Das alte Feuerwehrgerätehaus liegt nur ein paar hundert Meter von der Kirche entfernt, so wie fast alles in einem Dorf, das im Grunde nur aus drei großen Straßen besteht, der L 257, die sich durch den Ort schlängelt, die Ober- und die Unterstraße. Beide waren in der Nacht mit der Löschgruppe Morschenich im Einsatz und haben alles getan, das Feuer einzudämmen. „Das hätte nicht auch noch sein müssen“, sagt Bongart. „Die Brandursache ist bis heute nicht geklärt.“
Umsiedlung: „Das Wissen, wir müssen hier irgendwann weg, war immer da“
Als er noch ein Kind war, fügt er hinzu, „habe ich gar nicht verstanden, dass das Dorf eines Tages abgebaggert werden wird.
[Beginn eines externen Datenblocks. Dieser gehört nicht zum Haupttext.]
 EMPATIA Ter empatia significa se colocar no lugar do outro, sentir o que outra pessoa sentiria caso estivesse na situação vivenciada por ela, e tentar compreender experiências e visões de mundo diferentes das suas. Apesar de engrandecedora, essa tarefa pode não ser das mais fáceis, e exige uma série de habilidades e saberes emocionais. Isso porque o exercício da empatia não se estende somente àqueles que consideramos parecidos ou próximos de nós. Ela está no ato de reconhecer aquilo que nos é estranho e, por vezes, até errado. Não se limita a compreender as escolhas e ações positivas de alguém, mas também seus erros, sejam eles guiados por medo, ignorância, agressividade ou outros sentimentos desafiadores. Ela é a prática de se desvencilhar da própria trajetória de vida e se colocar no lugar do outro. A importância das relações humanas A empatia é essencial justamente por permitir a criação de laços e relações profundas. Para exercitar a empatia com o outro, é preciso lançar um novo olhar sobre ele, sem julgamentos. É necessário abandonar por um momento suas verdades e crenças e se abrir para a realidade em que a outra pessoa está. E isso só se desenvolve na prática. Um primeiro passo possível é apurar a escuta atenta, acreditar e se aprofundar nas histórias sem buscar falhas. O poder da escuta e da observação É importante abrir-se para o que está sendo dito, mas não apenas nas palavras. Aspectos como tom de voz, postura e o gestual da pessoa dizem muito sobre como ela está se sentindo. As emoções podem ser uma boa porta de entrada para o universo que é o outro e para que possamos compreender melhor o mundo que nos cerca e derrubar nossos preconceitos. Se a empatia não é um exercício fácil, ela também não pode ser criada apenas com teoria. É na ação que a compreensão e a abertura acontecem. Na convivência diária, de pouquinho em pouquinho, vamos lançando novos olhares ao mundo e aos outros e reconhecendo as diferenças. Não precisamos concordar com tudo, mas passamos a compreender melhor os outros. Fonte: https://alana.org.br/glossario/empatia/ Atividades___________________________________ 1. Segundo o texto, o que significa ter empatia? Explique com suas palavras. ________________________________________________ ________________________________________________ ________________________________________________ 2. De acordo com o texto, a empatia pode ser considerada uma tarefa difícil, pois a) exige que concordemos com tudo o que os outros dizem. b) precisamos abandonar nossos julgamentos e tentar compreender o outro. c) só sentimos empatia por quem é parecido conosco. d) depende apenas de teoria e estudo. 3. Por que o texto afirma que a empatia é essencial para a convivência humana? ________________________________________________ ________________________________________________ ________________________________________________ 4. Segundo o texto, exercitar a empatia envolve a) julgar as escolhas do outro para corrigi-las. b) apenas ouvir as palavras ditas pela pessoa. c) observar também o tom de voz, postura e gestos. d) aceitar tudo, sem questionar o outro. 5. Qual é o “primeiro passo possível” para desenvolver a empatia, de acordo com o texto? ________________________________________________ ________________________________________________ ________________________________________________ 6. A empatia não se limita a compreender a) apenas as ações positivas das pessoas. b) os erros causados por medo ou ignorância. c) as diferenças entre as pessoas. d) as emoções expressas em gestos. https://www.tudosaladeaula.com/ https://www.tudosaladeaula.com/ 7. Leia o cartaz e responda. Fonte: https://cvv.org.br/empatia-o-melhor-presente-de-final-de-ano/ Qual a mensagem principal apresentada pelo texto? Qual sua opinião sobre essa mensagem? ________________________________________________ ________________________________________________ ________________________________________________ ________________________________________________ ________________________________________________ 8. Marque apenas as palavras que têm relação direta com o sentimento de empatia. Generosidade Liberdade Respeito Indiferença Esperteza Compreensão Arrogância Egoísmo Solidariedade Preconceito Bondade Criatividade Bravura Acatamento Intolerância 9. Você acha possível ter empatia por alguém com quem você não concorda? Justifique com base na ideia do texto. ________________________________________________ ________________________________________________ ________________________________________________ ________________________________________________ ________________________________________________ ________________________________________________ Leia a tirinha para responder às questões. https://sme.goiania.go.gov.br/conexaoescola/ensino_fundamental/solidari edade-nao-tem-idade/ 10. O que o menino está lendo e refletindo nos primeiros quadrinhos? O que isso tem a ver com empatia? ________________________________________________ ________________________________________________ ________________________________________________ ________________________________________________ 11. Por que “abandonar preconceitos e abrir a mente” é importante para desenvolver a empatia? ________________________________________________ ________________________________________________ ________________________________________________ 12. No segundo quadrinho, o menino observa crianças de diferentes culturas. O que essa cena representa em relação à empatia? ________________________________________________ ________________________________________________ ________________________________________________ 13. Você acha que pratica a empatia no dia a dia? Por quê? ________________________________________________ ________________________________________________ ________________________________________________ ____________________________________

Wir sind hier glücklich aufgewachsen, hatten ganz viel Platz zum Spielen. Hier kannte jeder jeden. Irgendwann habe ich zum ersten Mal Notiz davon genommen, dass wir hier alle wegmüssen“, sagt Bongart. Zwei Jahre später war es dann so weit. „Erst viel später ist mir klar geworden: Hier kannst Du vielleicht mal mit Deinen Kindern oder Enkelkindern mit einem Segelboot rumfahren und erzählen, dass Du hier geboren und aufgewachsen bist. Aber das wird Dir keiner glauben. Die Straßen, die Nachbarhäuser, wo man als Kind geklingelt hat, alles weg. Es wird keinen Ort mehr geben, an den Du zurückkehren kannst.“
Beide Familien, die seit Generationen hier zuhause waren, haben Alt-Morschenich vor fünf Jahren verlassen.
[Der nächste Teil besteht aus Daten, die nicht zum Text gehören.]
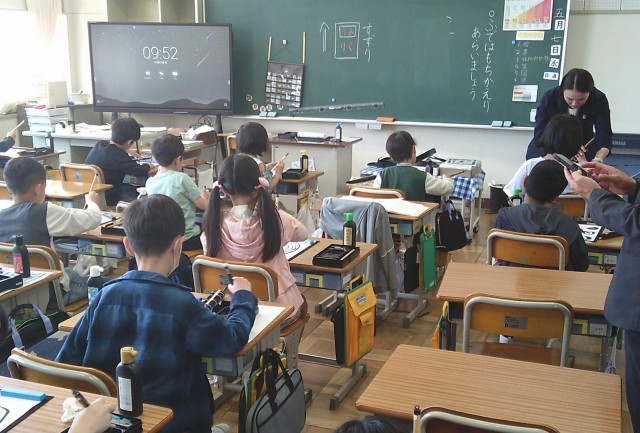 本日(5/7)1・2校時、3年生の各授業にゲストティーチャーをお招きして、習字の学習をおこないました。習字道具の名称や使い方をお聞きして、筆でいくつもの丸を書いている様子です(写真)。

Sein Freund Calvin Köcher ist abgeklärter mit der Situation umgegangen. „Das Wissen, wir müssen hier irgendwann weg, war immer da. Deshalb war die Umsiedlung für keinen von uns eine Überraschung“, erinnert er sich. „Die ältere Generation hat sich damit schwerer getan als wir. Für uns ist Heimat wohl mehr die Menschen als der Ort. Und die sind ja mitgezogen. Aus unserer Sicht war das zwar schade, aber machbar.“
Wie selbstverständlich es für alle Dorfbewohner war, dass gegen die Bagger jeder Widerstand gegen die Umsiedlung zwecklos ist, verrät ein Blick auf die Homepage der Gemeinde Merzenich. Unter dem Stichwort „Umsiedlung Morschenich“ findet sich bis heute der Eintrag: „Beginn der gemeinsamen Umsiedlung: 2015. Bergbauliche Inanspruchnahme: voraussichtlich 2024“.
Erste Reaktion: „Wir mussten weg. Jetzt muss auch das Dorf verschwinden“
Für ihn sei die Nachricht, dass das Dorf doch erhalten bleibt, der größere Schock gewesen, sagt Köcher. „Die Klima-Aktivisten hatten ja ewig gefordert, dass der Hambacher Forst und unser Dorf erhalten bleiben. Wir haben das registriert, hatten aber keinerlei Kontakt. Das muss man ehrlich sagen. Hier hat keiner damit gerechnet, dass auf die Kohle im Boden verzichtet wird und wir zur Drehscheibe der Energiewende werden.“
Im ersten Moment hat Köcher wie die meisten der ehemaligen Dorfbewohner reagiert. „Wir mussten weg. Jetzt muss auch das Dorf verschwinden. Die Umsiedlung abschließen, den Ort plattmachen, Acker drauf und fertig. Ich wollte einen emotionalen Abschluss finden.“
Doch die Zweifel seien recht schnell gekommen. Und ein gewisses Maß an Unsicherheit. Was wird aus unseren Häusern? Wie wird es mit dem Ort weitergehen? Was hat die Politik damit vor? Welche Kaufinteressenten gibt es? Und welche Konzepte? „Zwischen all diesen Fragen stecken unsere Erinnerungen und unsere Verbundenheit zu Morschenich.“
Und so haben die Freunde gemeinsam entschieden: Wir wollen zurück in unser Dorf. Möglichst in unsere alten Häuser. Lennart Bongart, angehender Meister für Wasser- und Gasnetze bei einem Netz- und Messstellenbetreiber, und Calvin Köcher, Informatiker bei einem großen Übertragungsnetzbetreiber und dort verantwortlich für die Leitsysteme, sind die Ersten, die das so klar kommunizieren.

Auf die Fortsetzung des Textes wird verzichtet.